**Task to complete:** Output the line containing "图解:这对旅行者2号图像(F" and each line after it through the end of the data, exactly as written, with pictures left out.

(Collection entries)
- - - -

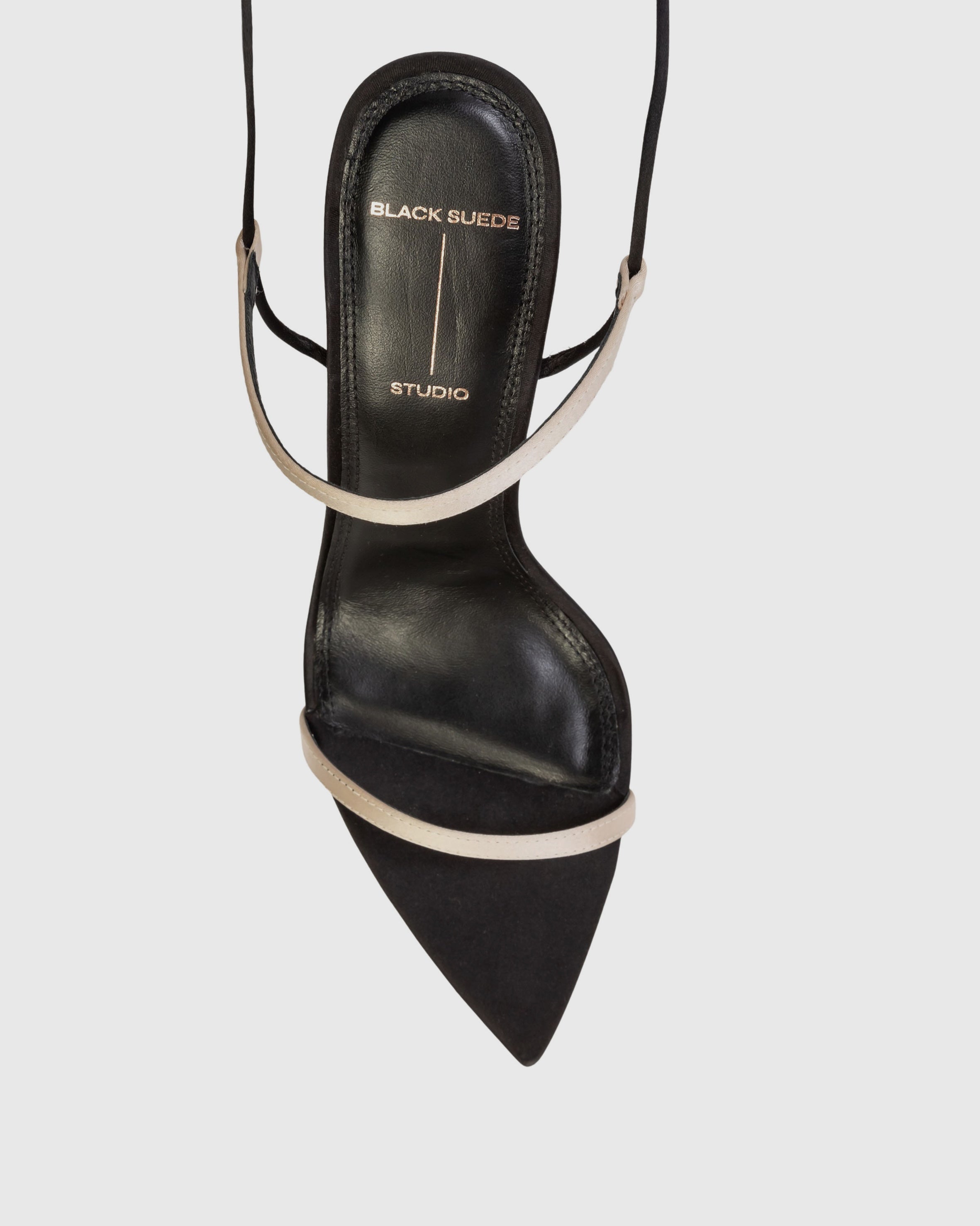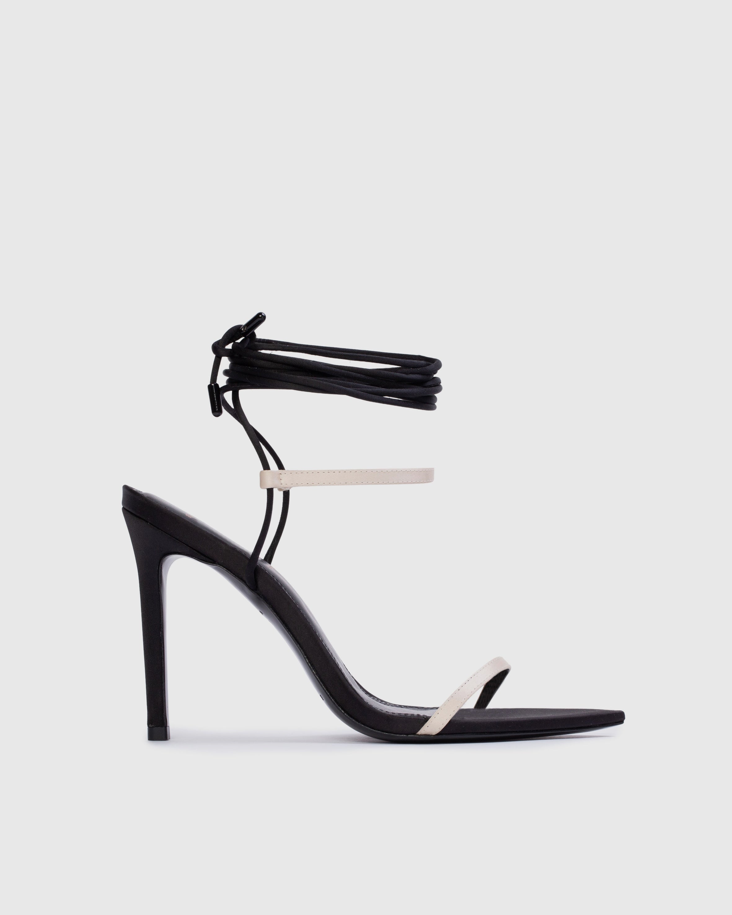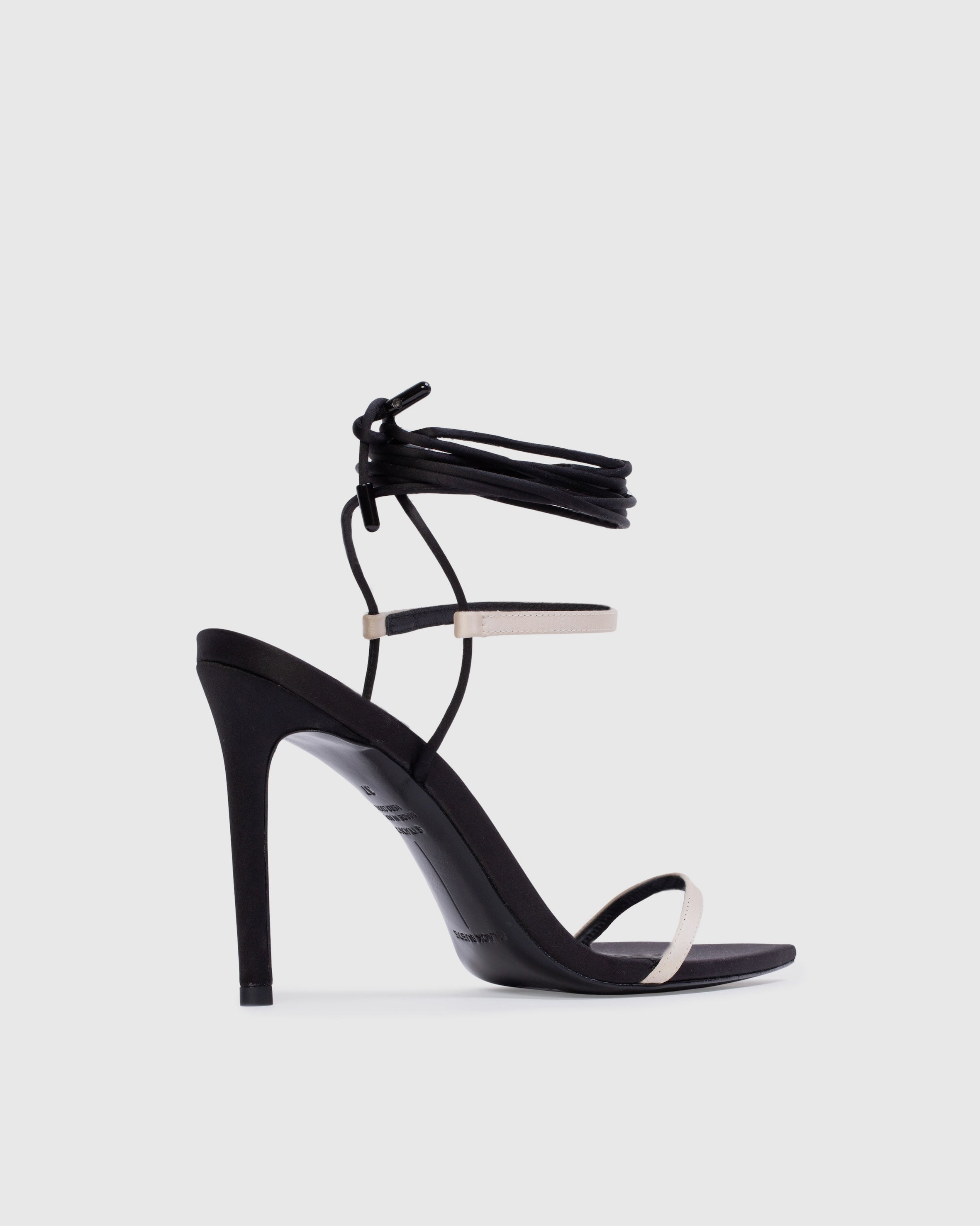 pointy toe wrap-up sandal, set on a straight stiletto heel. made with satin crepe.
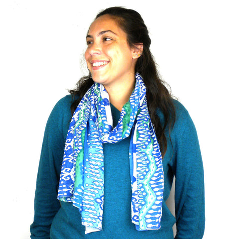 White and Blue Ikat Cotton Scarf Handmade and Fair Trade
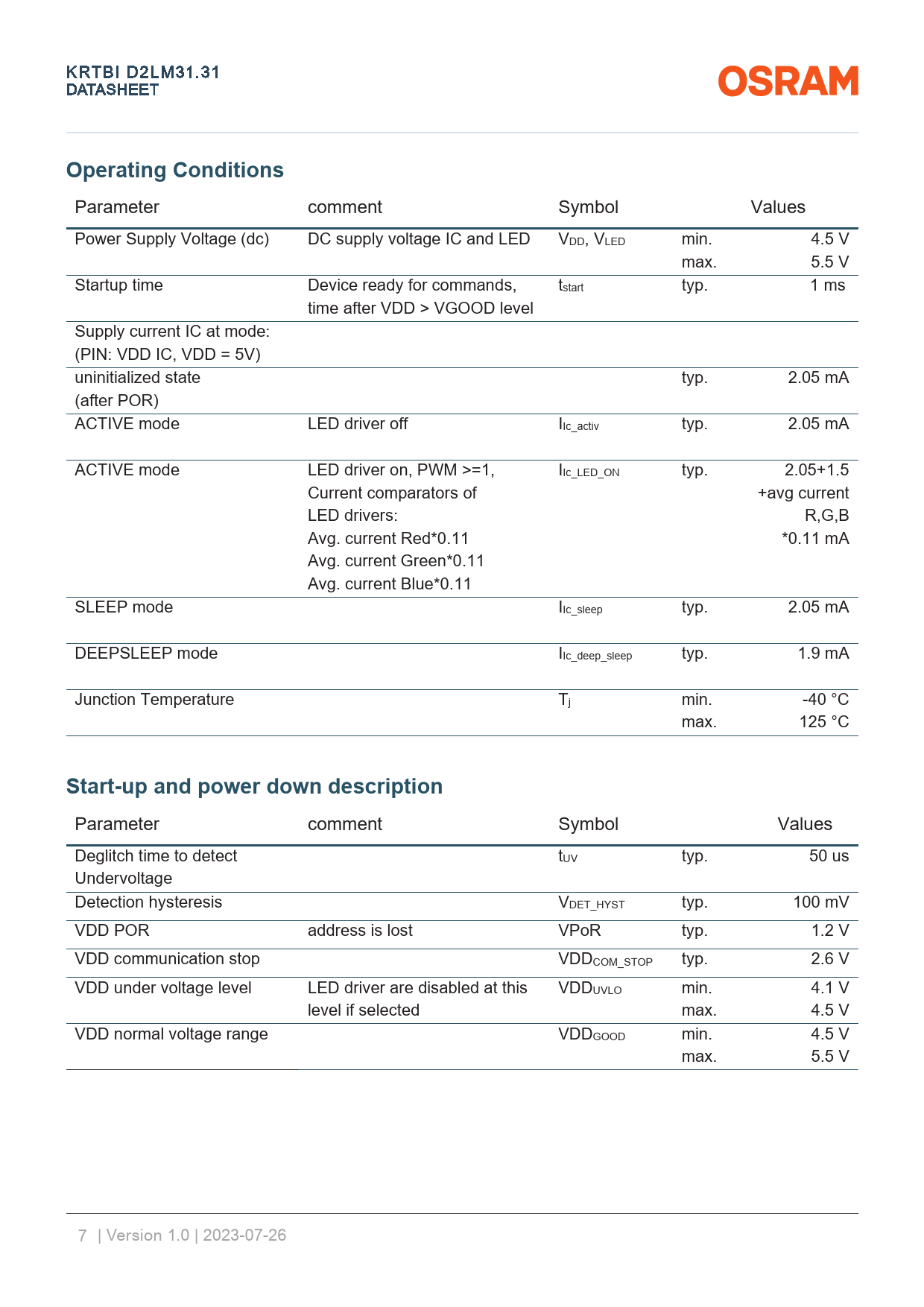 KRTBI D2LM31.31 DATA A SHEET Operating Conditions Parameter comment Symbol Values Power Supply Voltage (dc) DC supply voltage IC and LED VDD, VLED min. 4.5 V max. 5.5 V Startup time Device ready for commands, tstart typ. 1 ms time after VDD > VGOOD level Supply current IC at mode: (PIN: VDD IC, VDD = 5V) uninitialized state typ. 2.05 mA (after POR) ACTIVE mode LED driver off IIc_activ typ. 2.05 mA ACTIVE mode LED driver on, PWM >=1, IIc_LED_ON typ. 2.05+1.5 Current comparators of +avg current LED drivers: R,G,B Avg. current Red*0.11 *0.11 mA Avg. current Green*0.11 Avg. current Blue*0.11 SLEEP mode IIc_sleep typ. 2.05 mA DEEPSLEEP mode IIc_deep_sleep typ. 1.9 mA Junction Temperature Tj min. -40 °C max. 125 °C Start-up and power down description Parameter comment Symbol Values Deglitch time to detect tUV typ. 50 us Undervoltage Detection hysteresis VDET_HYST typ. 100 mV VDD POR address is lost VPoR typ. 1.2 V VDD communication stop VDDCOM_STOP typ. 2.6 V VDD under voltage level LED driver are disabled at this VDDUVLO min. 4.1 V level if selected max. 4.5 V VDD normal voltage range VDDGOOD min. 4.5 V max. 5.5 V 7 | Version 1.0 | 2023-07-26
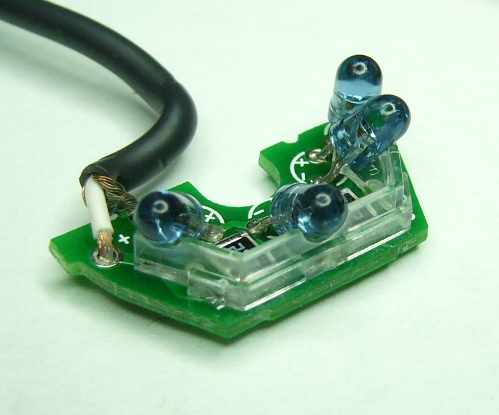 > Erkläre doch mal, warum das nicht geht. Wozu sind die anderen beiden Anschlüsse denn vorgesehen? Das Gerät sendet über drei Mono Klinke Anschlüsse IR Signale die vom Tablet oder Smartphone kommen. Die ersten Beiden sind für 1 LED vorgesehen die man direkt an das zu steuernde Gerät geklebt werden. Der dritte Anschluss kann so eingestellt werden (webfrontend) das auch ein IR Blaster(IR Sender mit grosser reichweite 1 bis .. LEDs) betrieben werden kann. Bild 1: IR Blaster offen mit 4 IR LEDs und Vorwiderständen 2x 8R2 8,2 Ohm. Bild 2: IR Blaster geschlossen ,und IR LED offen zum kleben ohne Vorwiderstand. > Wie sieht die Innenschaltung des Gerätes aus, Das kann ich dir nicht sagen und wegen der Gewährleistung möchte ich ihn nicht öffnen. Aber da du gefragt hast bin ich jetzt so schlau das der Wiederstand für die LED schon im Gerät ist. > und wie sieht die Schaltung des IR-Blasters aus (sieht simplen nach 4 LED's in Reihe aus, aber sicher ist das nicht)? Eigentlich schon beantwortet mit dem Bild 1. ------------------ Ich habe diese Blaster schon verlegt und möchte sie für das neue Gerät nutzen. Sie sind in der gegenüberliegenden Wänden (2 Räume) zu den Geräten angebracht. Genau in der Ecke von Decke und Wand. Das funktioniert mit der Harmony 900 Fernbedienung Super. Leider benutzt die Fernbedienung Funk mit einem zu schwachen Signal.Alle versuche das zu verbessern sind gescheitert. Deswegen über Wlan - LAN mit dem Gerät ( Itach IP2IR ). Mit der Signalverstärkung kann ich drei Räume versorgen.
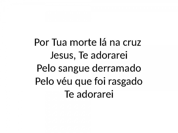- Por Tua morte lá na cruz Jesus, Te adorareiPelo sangue derramadoPelo véu que foi rasgadoTe adorarei
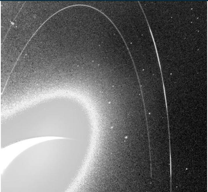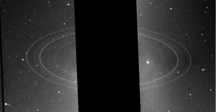 图解:这对旅行者2号图像(FDS 11446.21和11448.10),通过广角相机的透明滤镜获得的两张经591s曝光的照片,在灵敏度最高的条件下展现的全环系统。
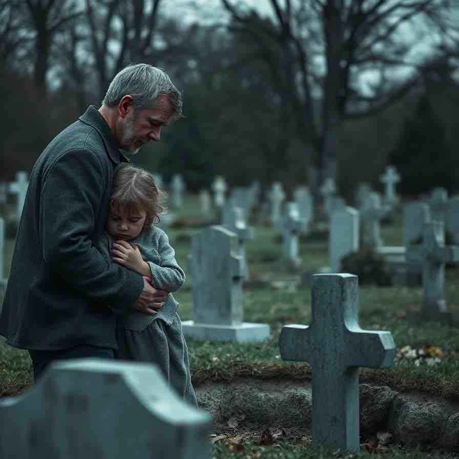 На кладбище, где тёплые лучи солнца едва пробивались сквозь облака, он медленно приближался к могиле своего единственного сына. С каждым шагом его сердце наполнялось растерянностью и горечью утраты. Годы, проведённые вместе, воспоминания о смехе и радости, всё это казалось слишком далеким, словно это было не с ним. Когда он наконец остановился перед мраморным памятником, его взгляд упал на девочку, сидящую среди зелёной травы. Она была совсем маленькой и, казалось, потерялась в своих эмоциях. С слезами на щеках она прижимала к груди букет полевых цветов, словно они были единственной нитью, связывающей её с умершим. Он медленно наклонился, чтобы рассмотреть её ближе. Малышка тихо всхлипывала, её маленькие плечи сотрясались от горя. Вопросы застыли в его горле — кто эта девочка? Как она может знать о его сыне? Девочка подняла голову, и их взгляды встретились. В её глазах была не только печаль, но и глубокая привязанность. «Я скучаю по нему», — произнесла она, и эти слова, полные не
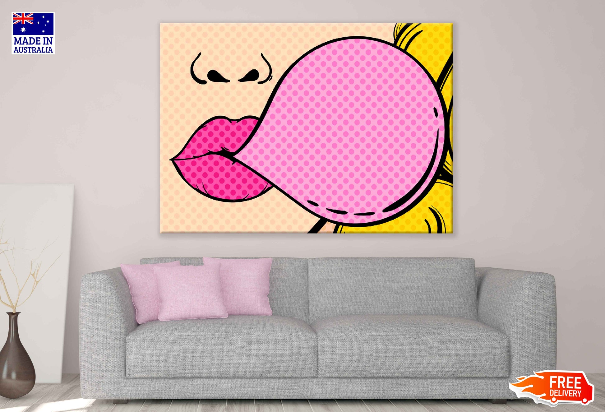 Girl & Bubble Gum Illustration Pop Arts & Comic Poster Print 100% Australian Made Stretched Canvas Ready to Hang - 2135
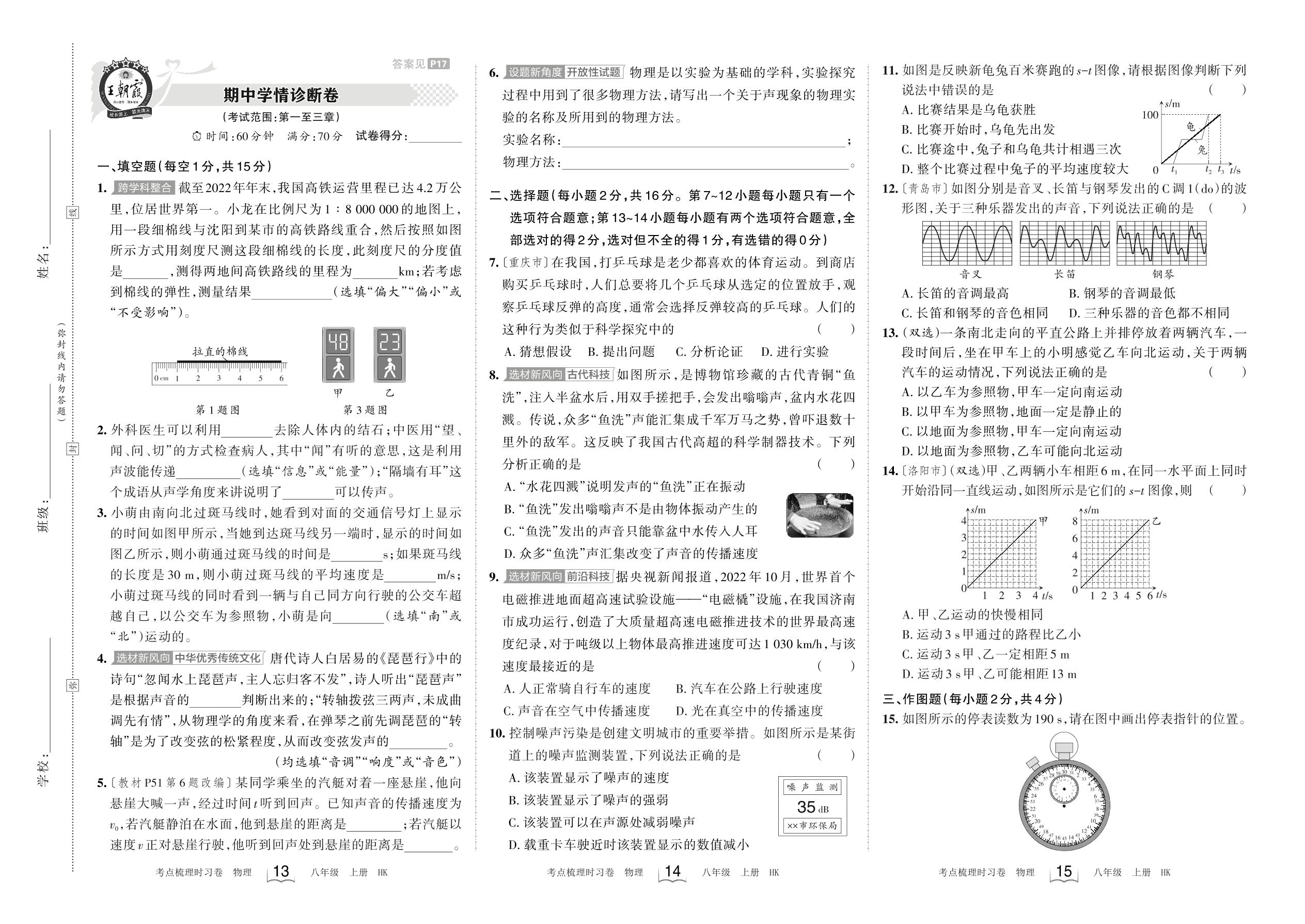 2023-2024学年第一学期八年级物理沪科版 期中学情诊断卷
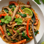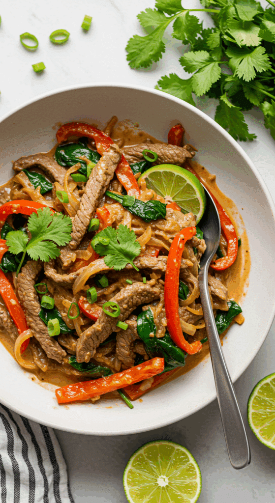 This dish is loaded with lean protein from beef, iron and vitamins from spinach, and fiber from veggies. The light coconut milk keeps it lower in fat, and the lime adds vitamin C. It’s a balanced meal that’s filling and nutritious.
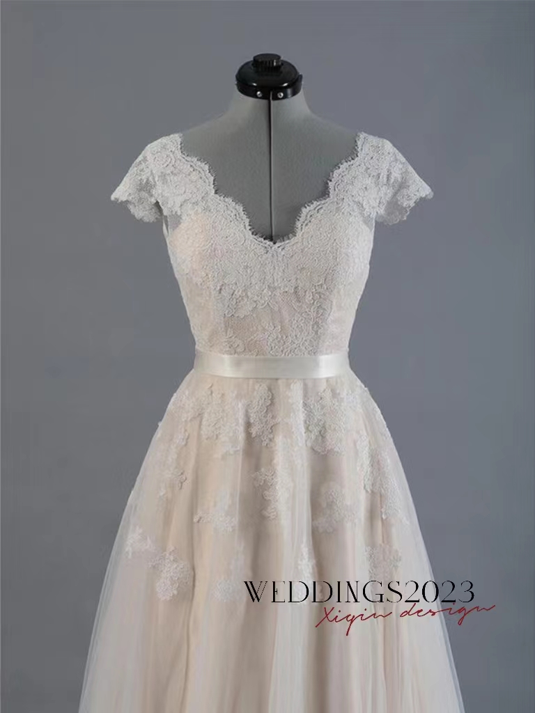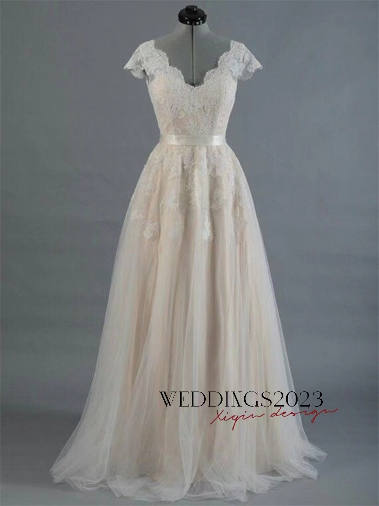 Ready to ship - Beaded wedding dress cap sleeve lace wedding dress boho wedding dress in champagne color, V-back alencon lace W-56013

- - - -

**Solved problem:**
 图解:这对旅行者2号图像(FDS 11446.21和11448.10),通过广角相机的透明滤镜获得的两张经591s曝光的照片,在灵敏度最高的条件下展现的全环系统。
 На кладбище, где тёплые лучи солнца едва пробивались сквозь облака, он медленно приближался к могиле своего единственного сына. С каждым шагом его сердце наполнялось растерянностью и горечью утраты. Годы, проведённые вместе, воспоминания о смехе и радости, всё это казалось слишком далеким, словно это было не с ним. Когда он наконец остановился перед мраморным памятником, его взгляд упал на девочку, сидящую среди зелёной травы. Она была совсем маленькой и, казалось, потерялась в своих эмоциях. С слезами на щеках она прижимала к груди букет полевых цветов, словно они были единственной нитью, связывающей её с умершим. Он медленно наклонился, чтобы рассмотреть её ближе. Малышка тихо всхлипывала, её маленькие плечи сотрясались от горя. Вопросы застыли в его горле — кто эта девочка? Как она может знать о его сыне? Девочка подняла голову, и их взгляды встретились. В её глазах была не только печаль, но и глубокая привязанность. «Я скучаю по нему», — произнесла она, и эти слова, полные не
 Girl & Bubble Gum Illustration Pop Arts & Comic Poster Print 100% Australian Made Stretched Canvas Ready to Hang - 2135
 2023-2024学年第一学期八年级物理沪科版 期中学情诊断卷
 This dish is loaded with lean protein from beef, iron and vitamins from spinach, and fiber from veggies. The light coconut milk keeps it lower in fat, and the lime adds vitamin C. It’s a balanced meal that’s filling and nutritious.
 Ready to ship - Beaded wedding dress cap sleeve lace wedding dress boho wedding dress in champagne color, V-back alencon lace W-56013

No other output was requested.